When looking for long-term investment opportunities, investors often turn to the recommendations of Wall Street experts. One such recommendation is Domino’s Pizza (DPZ). Despite macroeconomic uncertainty, the company recently reported a strong performance in the first quarter. Deutsche Bank analyst Lauren Silberman reiterated a buy rating on DPZ stock and increased the price target to $580 from $555. Silberman highlighted the company’s improved gross margin within the supply chain and increased visibility in same-store sales growth outlook. The analyst praised Domino’s revamped loyalty program, strong value proposition, and innovation as key drivers of the traffic growth.
In addition, Silberman noted that Domino’s is benefitting from increased contributions from Uber Eats, thanks to growing marketing efforts and awareness. Overall, the Q1 results reinforced Silberman’s positive view on DPZ, supported by the company’s initiatives to support an increase in same-store sales, accelerating unit growth, and improving franchisee profitability and margins. Despite Silberman’s optimism, it is important for investors to consider the risks associated with investing in a highly competitive industry like the restaurant sector.
Another stock favored by Wall Street experts is burger chain Shake Shack (SHAK).

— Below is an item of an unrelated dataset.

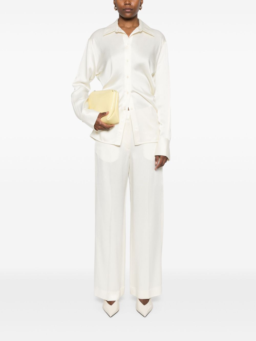 Ivory white, satin texture, soft waist, spread collar, long sleeves, buttoned cuffs, straight hem.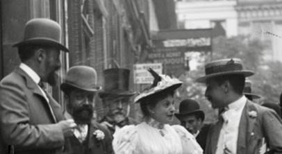 Le mouvement, dans notre corpus, est en premier lieu porté par le fiacre et par la rue, ces deux chronotopes de la modernité qui disent la vitesse et la fugitivité. Mais le mouvement, c’est aussi celui des corps flous des passantes et des passants (Fig 5, à l’arrière-plan), c’est également tel « morceau » de corps flou qui suggère un geste (Fig. 18, l’homme au mouchoir à l’arrière-plan) : une main, un pied. Le mouvement arrêté des corps les rend ainsi fantomatiques, presque fantastiques. Si l’on concentre à présent notre regard sur Réjane et les hommes qui l’entourent, Primoli les a saisis en train de marcher, de manger, de regarder, de bavarder. Le photographe capte des fragments d’actions en train de se dérouler et produit ainsi un effet « arrêt sur images » très suggestif. Car l’instantané suggère le mouvement et appelle projections et fantasmes en stimulant l’imaginaire : de quoi parlent-ils ? où vont-ils ? que mangent-t-ils ? que lui dit-il pour qu’elle rie ainsi ? Profondément narrative, la photographie instantanée concentre des micro-récits potentiels que le spectateur projette sur une action silencieuse, qui échappe au regard et sur laquelle il achoppe. Cette dimension narrative de l’instantané ne remet pas du tout en question sa force iconique, bien au contraire.

Despite reporting mixed first-quarter results, investors were pleased with the company’s commentary on improving business trends. BTIG analyst Peter Saleh reiterated a buy rating on SHAK stock and increased the price target to $125 from $120. Saleh emphasized the company’s strategic initiatives involving technology (kiosks), enhanced operating model, and greater marketing as key drivers of the company’s growth.
Saleh highlighted the high-teens check growth in kiosk orders compared to traditional in-store orders, indicating consumer preference for customization options available at the kiosks. The analyst expects more sales benefit from the kiosks going forward, in addition to labor savings and efficiency. While Shake Shack’s potential for growth is promising, investors should be cautious of the risks associated with investing in a volatile industry like the restaurant sector.
Tech giant Apple (AAPL) also caught the attention of Wall Street experts with its recent better-than-expected fiscal second-quarter results. Despite a decline in revenue, the company’s announcement of an expanded buyback program had a positive impact on investors. Baird analyst William Power reaffirmed a buy rating on AAPL stock with a price target of $200. Power noted that Apple exceeded his estimates for revenue, earnings per share, and gross margin.
The analyst highlighted the growth in Services revenue, particularly in China, which showed improvement from the previous quarter. Power believes that Apple’s upcoming AI update at its June developer conference could serve as a catalyst for the stock. While Power’s optimism is justified given Apple’s strong execution and growing services contribution, investors should be mindful of the risks associated with investing in the technology sector.
While these three stocks have been favored by Wall Street experts for their growth potential and strong performance, investors should conduct their own research and consider the risks associated with investing in the respective industries. Adopting a long-term mindset and staying informed about market trends are essential for making informed investment decisions.